Concordo, potresti magari editare il post iniziale, metti un paio di colori epr abbellirlo e scrivici qualcosa tipo:

Alla manifestazione i Gechi saranno presenti con un seminario a cura di FonderiaDigitale (22 Settembre, ore 13) dal titolo "blablabla" con delle bellissime slide con il logo dei gechi e simpatizzeranno per quello di Peach (24 ore 16) dal titolo "blabla" anche se le sue slide saranno molto meno belle  :Laughing: 

in questa maniera giá dal primo post ci saranno le info senza cercarle in tutto il thread

----------

## Peach

 *codadilupo wrote:*   

> io saro' presente con un talk "reclutamento della claque per i gechi" 
> 
> in pratica mi metto fuori con dei tarball gridando "gekit fresco ! gekit bello ! accattatevi 'nu gekìt !" 
> 
> Coda

 

quindi fai tu l'uomo-sandwich!

----------

## codadilupo

 *Peach wrote:*   

> quindi fai tu l'uomo-sandwich!

 

secondo la logica della condivisione: ognuno da in base a quel che puo'.. e io non posso molto di piu'  :Wink: 

P.S.: non é che quelli del milug sono piu' fighi solo perché sono socio milug anch'io, intendiamoci  :Wink: 

E' che quelli di openlabs hanno messo in piedi un'associazione che non mi garba prprio, per due motivi principi:

1) ci sono soci di serie a e di serie b, ma entrambi pagano la quota d'iscrizone (e non mi sembra giusto: o tutti soci uguali, o nessuno paga, salvo sottoscrizioni volontarie)

2) il consiglio direttivo di openlabs, di cui possono far parte solo i soci di serie a, e per cui possono votare solo gli stessi, é formato per 3/4 da persone provenienti dalla stessa azienda... nel senso che sono i tre soci fondatori dell'azienda in questione.

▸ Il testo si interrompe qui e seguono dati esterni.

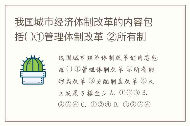 我国城市经济体制改革的内容包括( )①管理体制改革 ②所有制形式改革 ③分配制度改革 ④大力发展乡镇企业 A. ①②③ B. ②③④ C. ①②④ D. ①②③④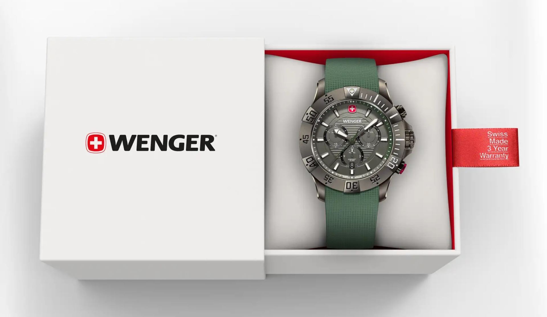 Funkce:Čas, datum, chronograf - stopky, strojek quartz Swiss Ronda Ronda 5030.D = přesnost chodu do 0,5 vteřiny denně, svítící ručky a indexy, jednosměrně otočná luneta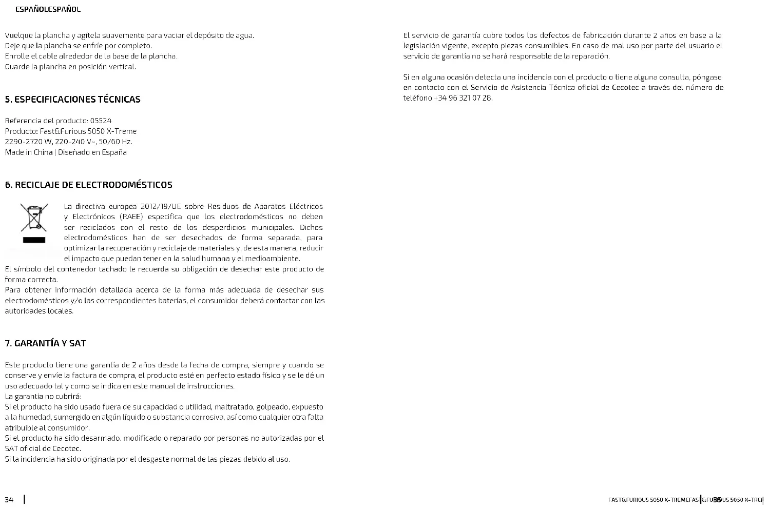 This product is under warranty for 2 years from the date of purchase, as long as the proof of purchase is submitted, the product is in perfect physical condition, and it has been given proper use, as explained in this instruction manual. The warranty will not cover the following situations: The product has been used for purposes other than those intended for it, misused, beaten, exposed to moisture, immersed in liquid or corrosive substances, as well as any other fault attributable to the customer. The product has been disassembled, modified, or repaired by persons, not authorised by the official Technical Support Service of Cecotec. Faults deriving from the normal wear and tear of its parts, due to use. The warranty service covers every manufacturing defects of your appliance for 2 years, based on current legislation, except consumable parts. In the event of misuse, the warranty will not apply. If at any moment you detect any problem with your product or have any doubt, do not hesitate to contact Cecotec Technical Support Service at +34 963 210 728.FAST&FURIOUS 5050 X-TREMEFAST&FURIOUS 5050 X-TREME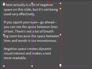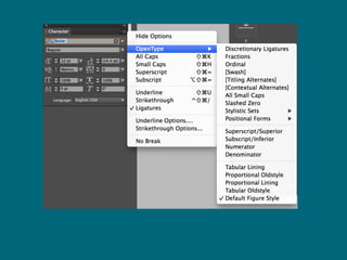 The document discusses typography principles for digital projects, emphasizing typeface selection, contrast for hierarchy, and the importance of negative space in enhancing readability. It also highlights various resources for typography, including notable examples and exercises. Key takeaways include choosing suitable fonts for context and understanding the role of typography in conveying meaning.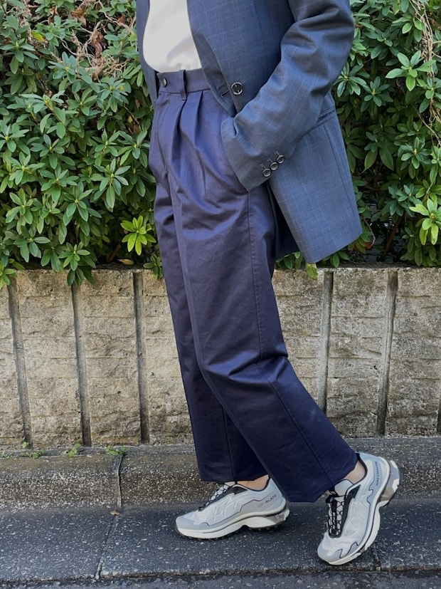 チノパン¥30,800(ブルックス ブラザーズ×ニートforユナイテッドアローズ&サンズ/ユナイテッドアローズ 原宿本店)、HOMME GIRLSのジャケット、OperaSPORTのスエット、Salomonのスニーカー、TOM WOODピアスは本人私物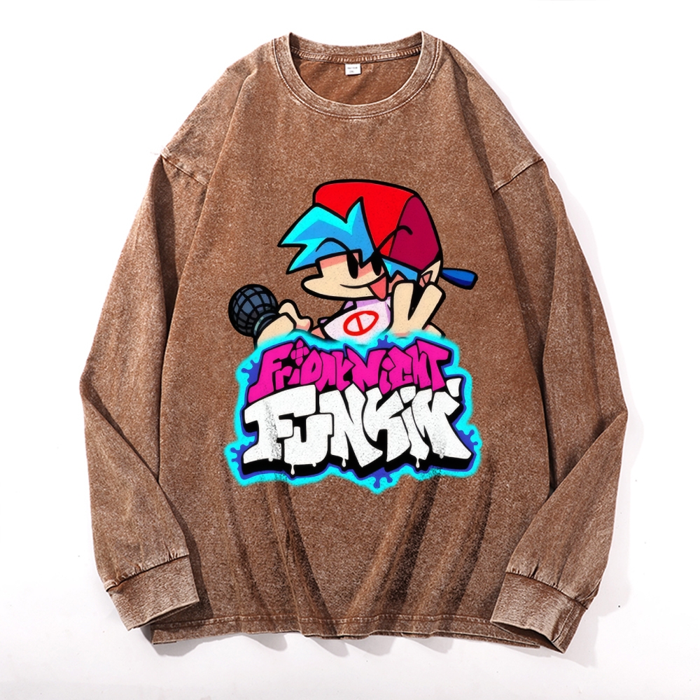 Friday Night Funkin Vintage Cotton Wash Crewneck Long-Sleeve T-Shirt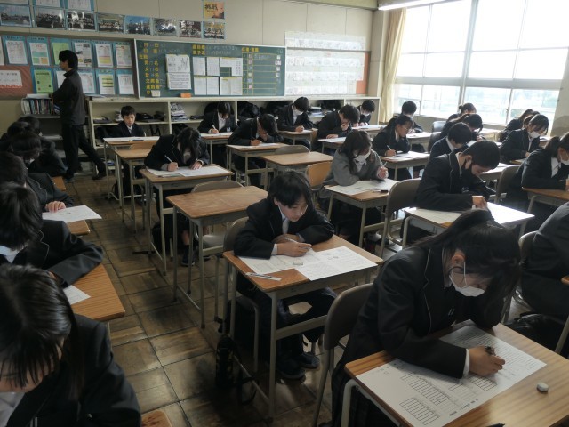 今日は、学年末テスト最終日でした。理科・美術・音楽のテストがありました。今日でテストが終わります。テストが返却されてからの直しが大切ですね。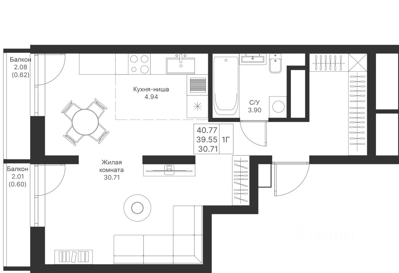 Продается 1-комнатная квартира 765 площадью 40,77 кв.м на 15 этаже в строящемся доме проекта "Мой Ритм" компании "Ак Барс Дом".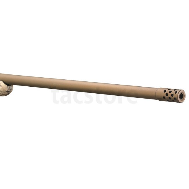 The cold hammer-forged barrel features a factory-installed muzzle brake and threaded muzzle for accessory compatibility. The Power Bedding™ system and three-lug bolt with 70° throw ensure smooth cycling and consistent accuracy. A one-piece Picatinny rail is pre-installed.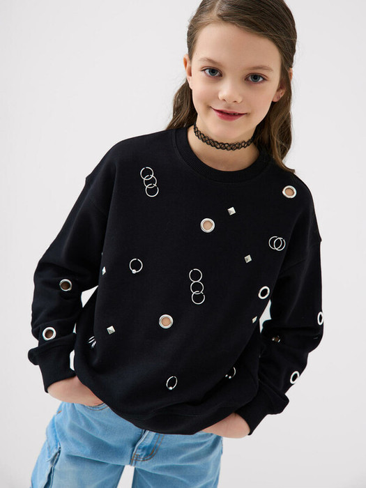 Свитшот оверсайз для девочки подростка. Выполнен из хлопкового футера без начеса. Вся передняя часть и рукава украшены металлическими кольцами и люверсами — они придают изделию необычный и модный вид. Декор размещён в виде множества металлических деталей — как одинарных, так и перекрывающихся колец, похожих на элементы пирсинга. Горловина, манжеты и низ изделия оформлены эластичными резинками.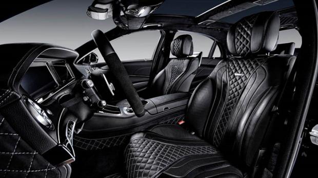 Các chuyên gia ở Vilner bọc lại nội thất chiếc AMG S 63 với chất liệu da cao cấp và Alcantara. Ấn tượng về sự đen tuyền, huyền bí được thể hiện một cách khéo léo. Hoạ tiết mạng hình thoi được áp dụng rộng rãi, từ ghế ngồi, đến nhiều vùng khác nhau trong khoang cabin và thậm chí cả nắp khoang hành lý sau. Một số chi tiết ốp gỗ nguyên bản được thay bằng ốp gỗ đen bóng Piano.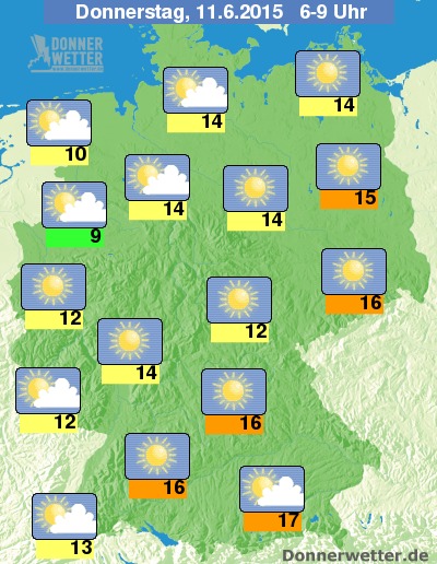 Die Temperaturen liegen am Morgen bei Werten um 9 Grad C im Münsterland und um 17 Grad C im Chiemgau.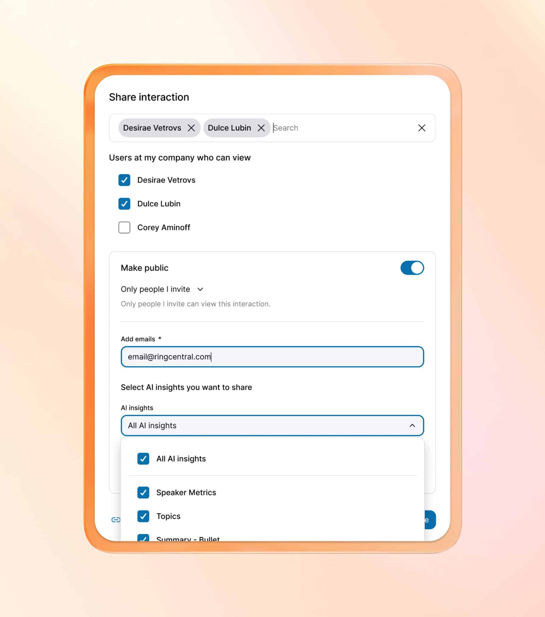 You no longer have to send full transcripts when sharing externally. Now you can choose which insights to include – summaries, speaker metrics, or key topics – so what you send is focused and purposeful.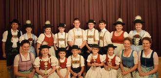 Zum Gruppenbild stellten sich die 13 Nußdorfer Buam und Dirndl der Kinder- und Jugendgruppe nach Ende des Gaujugendpreisplatteln mit Dirndldrahn auf, gemeinsam mit Jugendleiter Lorenz Pöschl (links) und dem Jugendleiterteam. Die drei Pokalgewinnerinnen sind Hanna Wimmer (vordere Reihe, 2.von links) sowie Lena Flassak und Katharina Gschwendner (vordere Reihe, 2. und 3. von rechts).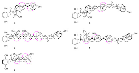 The 1H−1H COSY, Key HMBC and ROESY correlations for 1–4 and 7.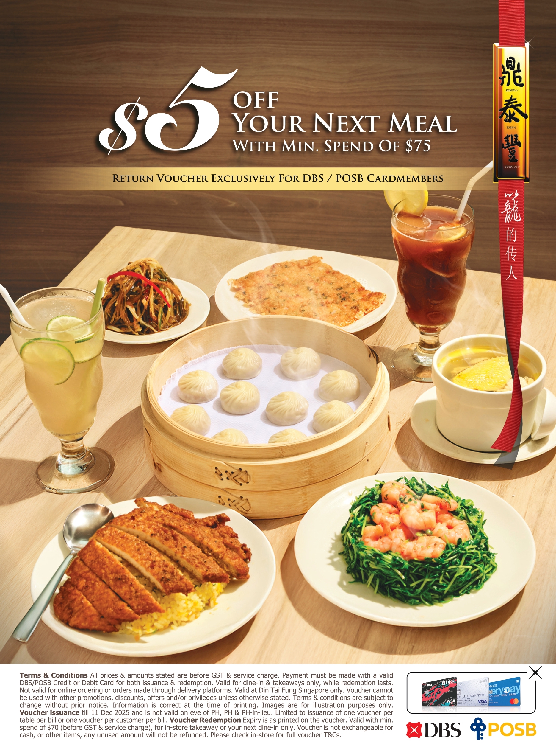 Exclusive to DBS Cardmembers, receive $5 off your next meal with min. spend of $75.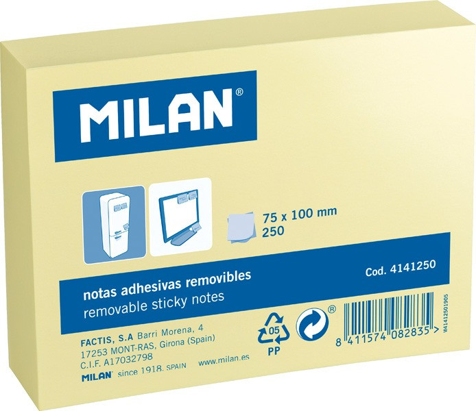 Öntapadó jegyzettömb 100x75 mm 250 lapos Milan sárga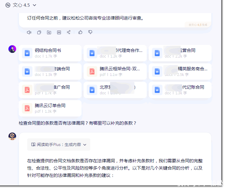 平时的责任中我们会经常签条约,而你可以让文心4.5链接搜检十份条约,合理有各式法律条件、有多张图表、还有条约盖印,用文心4.5王人能帮我整理出来,我们到是省了不少艰苦,如下图所示: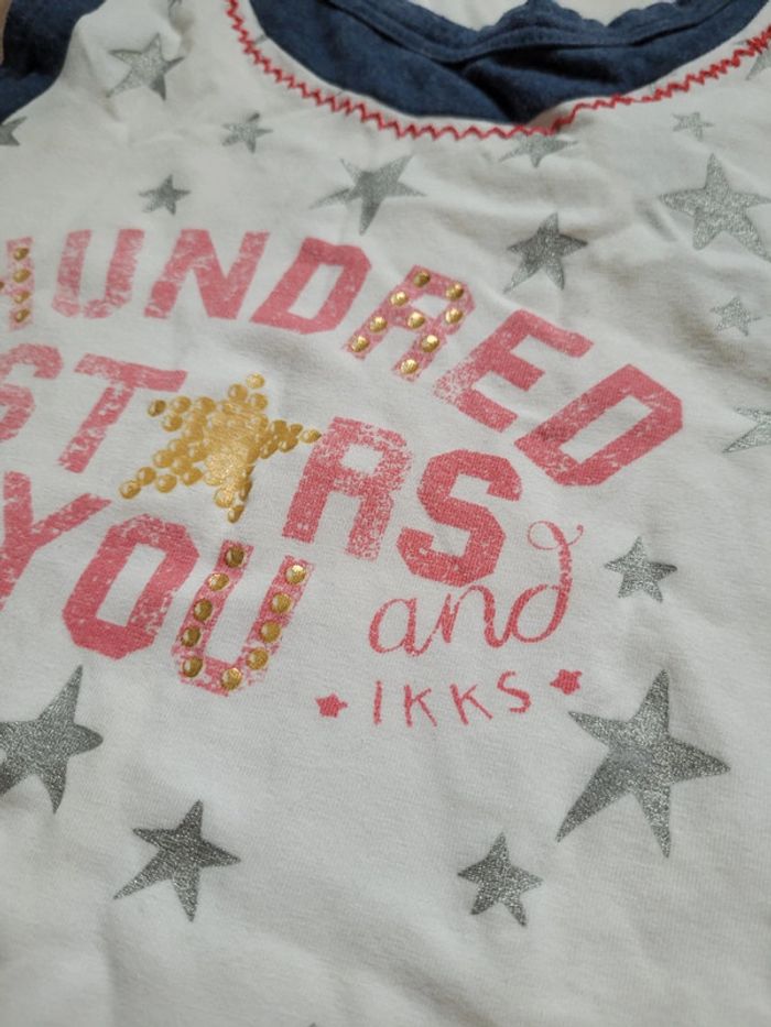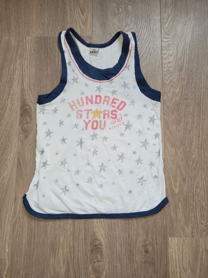 Débardeur blanc dos nageur. Motifs étoiles argentées. Marque IKKS. Taille 10 ans. N'hésitez pas à acheter en lot pour profiter des réductions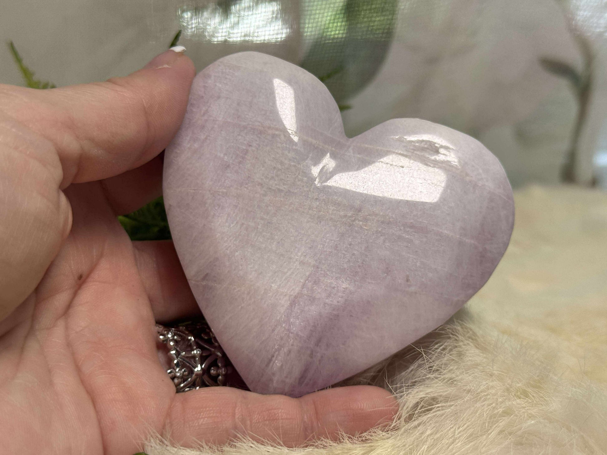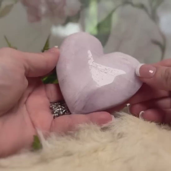 This Kunzite Heart is a gentle beacon of love... soft in hue, powerful in presence. With its serene lavender-pink tones and smooth, radiant polish, it opens a portal to compassion, emotional healing, and deep inner peace.

Ergo: questi non hanno messo in piedi openlabs per diffondere l'open source, ma per farsi pubblicità... e pure gratuita, in quanto associazione no profit !

P.Q.M. 

mi sono completamente adiafori  :Wink: 

Coda

----------

## randomaze

 *codadilupo wrote:*   

> P.S.: non é che quelli del milug sono piu' fighi solo perché sono socio milug anch'io, intendiamoci 

 

Non importa, la domanda era "conoscete qualcuno di OL". Punto fine del discorso.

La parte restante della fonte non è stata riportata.